▸ **TASK DETAILS**
Please output exactly the lines from the one containing "Bring the holiday" through the end of the records below, leaving out any pictures.

▸ **TASK INPUT**
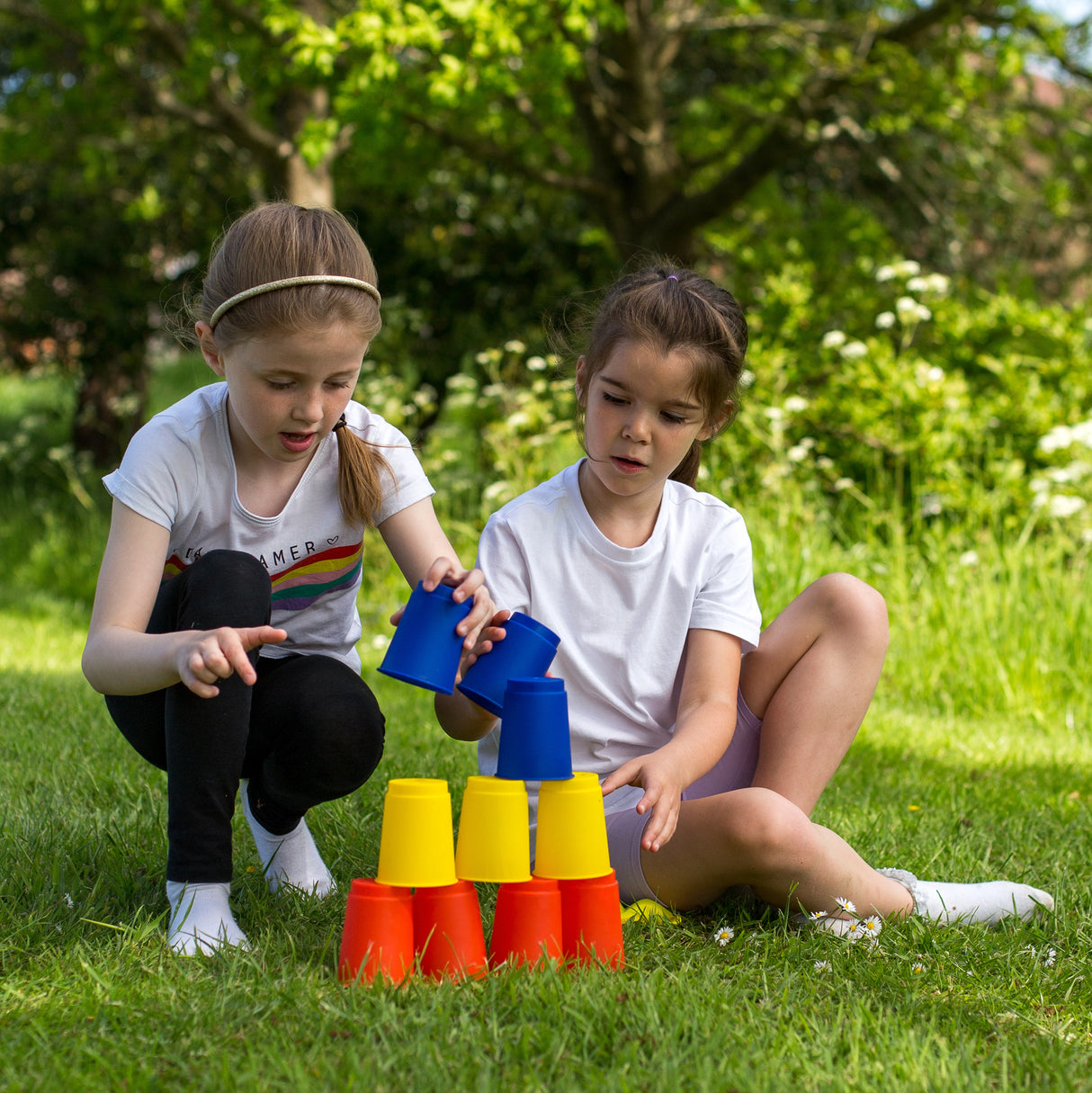 Ensemble de jeux d'extérieur inspiré des journées sportives, permettant à quatre joueurs de s'affronter sur une série d'épreuves classiques. L'ensemble comprend quatre sacs pour la course, quatre cuillères avec des œufs en plastique, des gobelets et des sacs de sable pour les jeux de lancer de cible, ainsi que des rubans de départ et d'arrivée. C'est un ensemble idéal pour le jardin, les sorties, ou même pour les écoles.
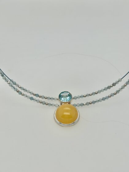 Cascading Amber, Onyx, and Bone Pendant Necklace
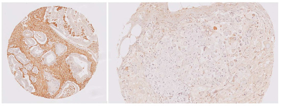 Examples of Gal-1 staining. Left: moderate to intense positivity in the stroma. Gal-1 IHC, ×100. Right: mild positivity in the stroma. Gal-1 IHC, ×200.
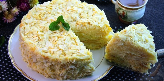 Этот ленивый торт «Наполеон» получается нежный и воздушный, а по вкусу очень похож на классический «Наполеон». Его основа — магазинное слоёное тесто, что значительно упрощает процесс приготовления. Внутри — нежный заварной крем из молока и масла, который придаёт торту сливочный аромат и сладость.
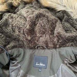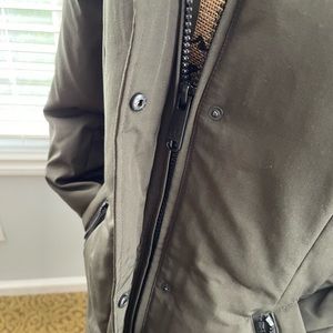 Olive green, winter, water repellant coat with removable hoodie and 2 pockets. Very warm!
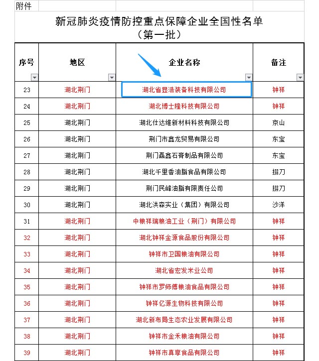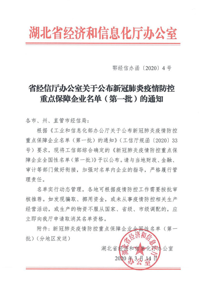 湖北顯浩被省經(jīng)信廳列為全國新冠肺炎疫情防控重點(diǎn)保障企業(yè)
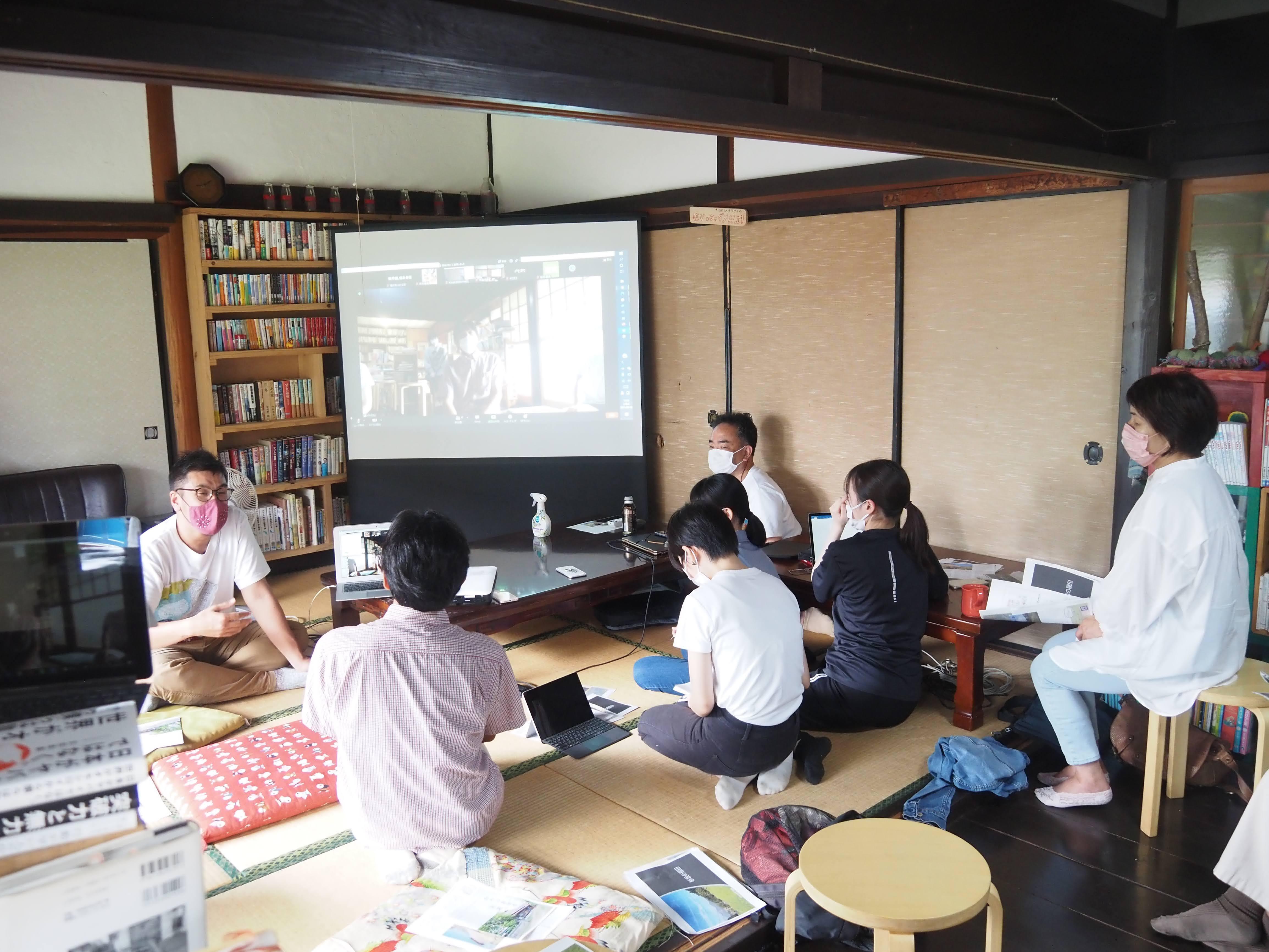 会議の後は、志和堀さんぽを開催しました。志和堀地区の他のかやぶき古民家を訪れて住民の方のお話を聞いたり、豊かな田園風景を楽しみました。夜には実際に「ホタルの宿自然学校」で学生合宿をして、かやぶき屋根古民家で「暮らす」を体感しました。
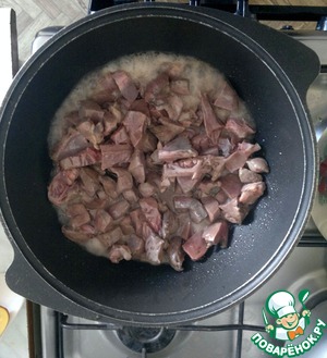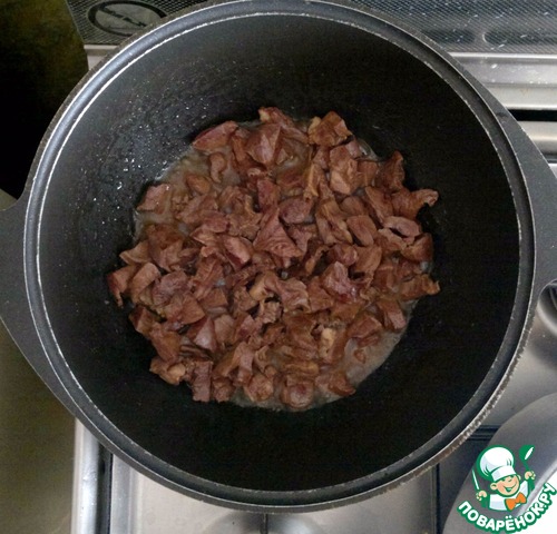 Разогреваю в казане растительное масло, что называется "до звона", и закладываю туда сердце. Вот тут-то вы и услышите тот самый звук, который и послужил названием этому блюду ))) Сердце обильно выделяет сок, поэтому я убавляю огонь и тушу сердце в собственном соку до его испарения.
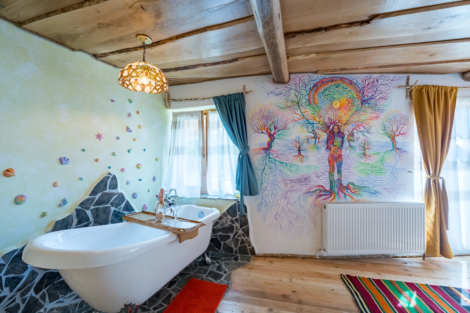 Euphoria este o cameră dublă dotată cu cadă în cameră. Are baie proprie, zonă de luat masa și o terasă exterioară ce poate fi folosită pentru servirea mesei.
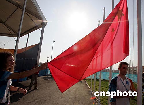 當(dāng)?shù)貢r(shí)間8月9日上午,中國奧運(yùn)代表團(tuán)在雅典奧運(yùn)村舉行隆重的升旗儀式。中新社記者:任晨鳴
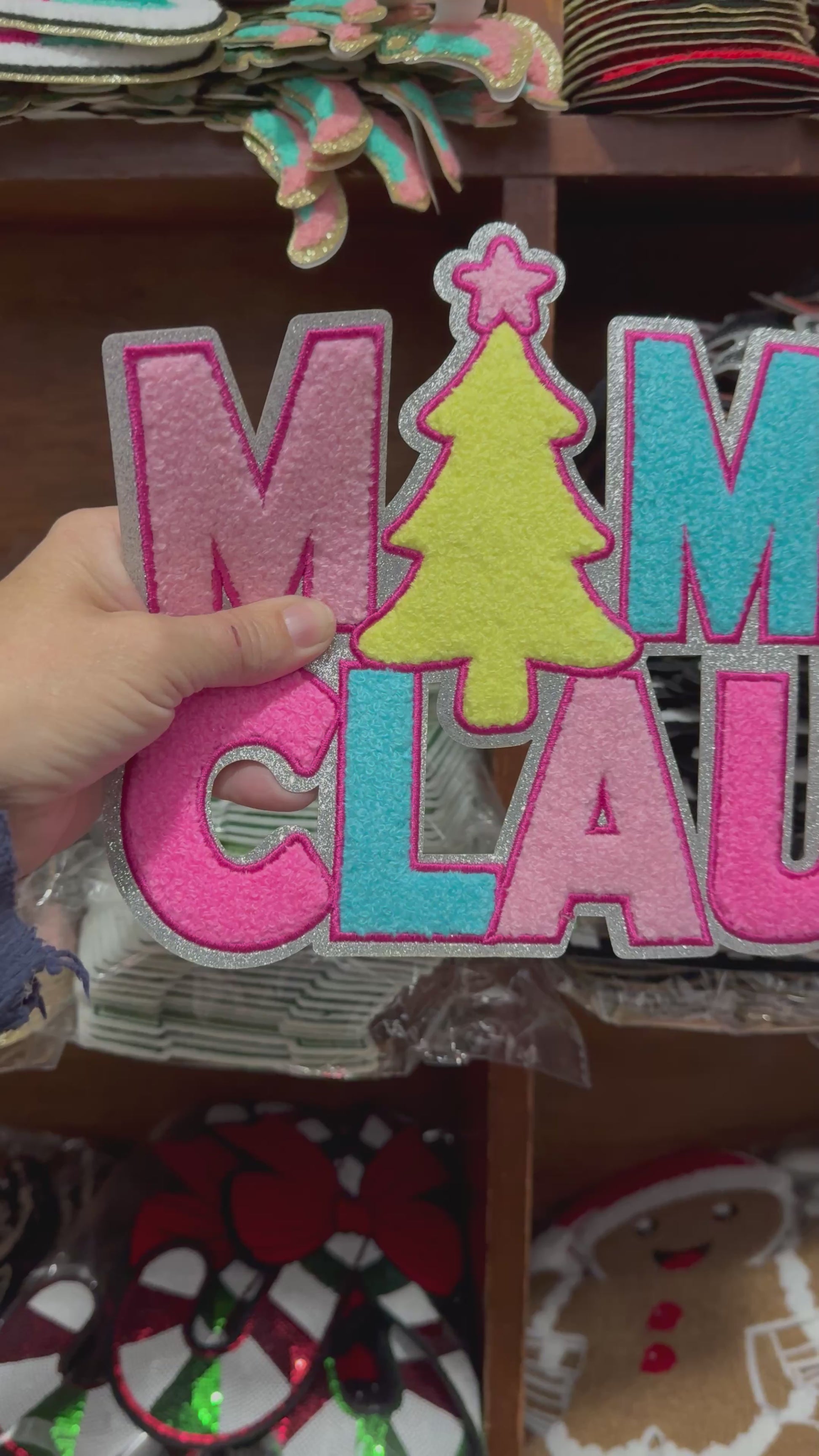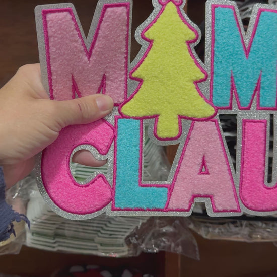 Bring the holiday cheer to your favorite apparel with this Mama Claus XL Chenille Patch! 🎄✨ Perfect for sweatshirts, jackets, totes, or DIY holiday projects, this bold and colorful chenille patch features festive pink, blue, and yellow lettering with a Christmas tree and Santa hat accenT
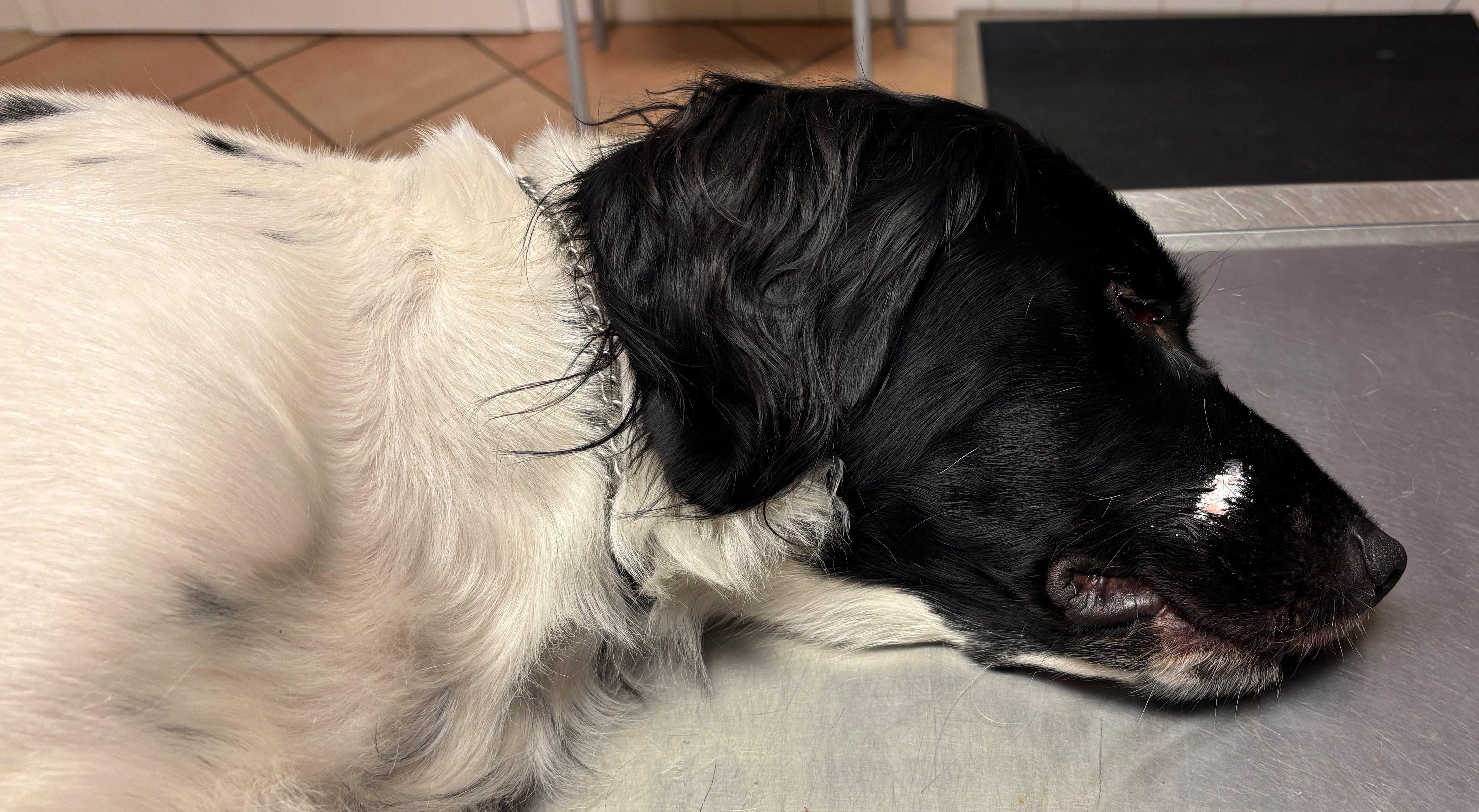 Falka hatte die kranke Fähe in Windeseile gefunden und gestellt, wurde von ihr jedoch an Schnauze und Lefze verletzt. Dieter ist daraufhin mit Falka zu unserem Tierarzt Mag. Hauck gefahren. Dieser hat sie schlafen gelegt und mit vier Nähten zusammengeflickt. Falka ist eine vorbildliche Patientin, die alles über sich ergehen und die Wunden in Ruhe lässt. Wir sind sehr froh, dass nicht mehr passiert ist.

▸ **REPLY**
 Bring the holiday cheer to your favorite apparel with this Mama Claus XL Chenille Patch! 🎄✨ Perfect for sweatshirts, jackets, totes, or DIY holiday projects, this bold and colorful chenille patch features festive pink, blue, and yellow lettering with a Christmas tree and Santa hat accenT
 Falka hatte die kranke Fähe in Windeseile gefunden und gestellt, wurde von ihr jedoch an Schnauze und Lefze verletzt. Dieter ist daraufhin mit Falka zu unserem Tierarzt Mag. Hauck gefahren. Dieser hat sie schlafen gelegt und mit vier Nähten zusammengeflickt. Falka ist eine vorbildliche Patientin, die alles über sich ergehen und die Wunden in Ruhe lässt. Wir sind sehr froh, dass nicht mehr passiert ist.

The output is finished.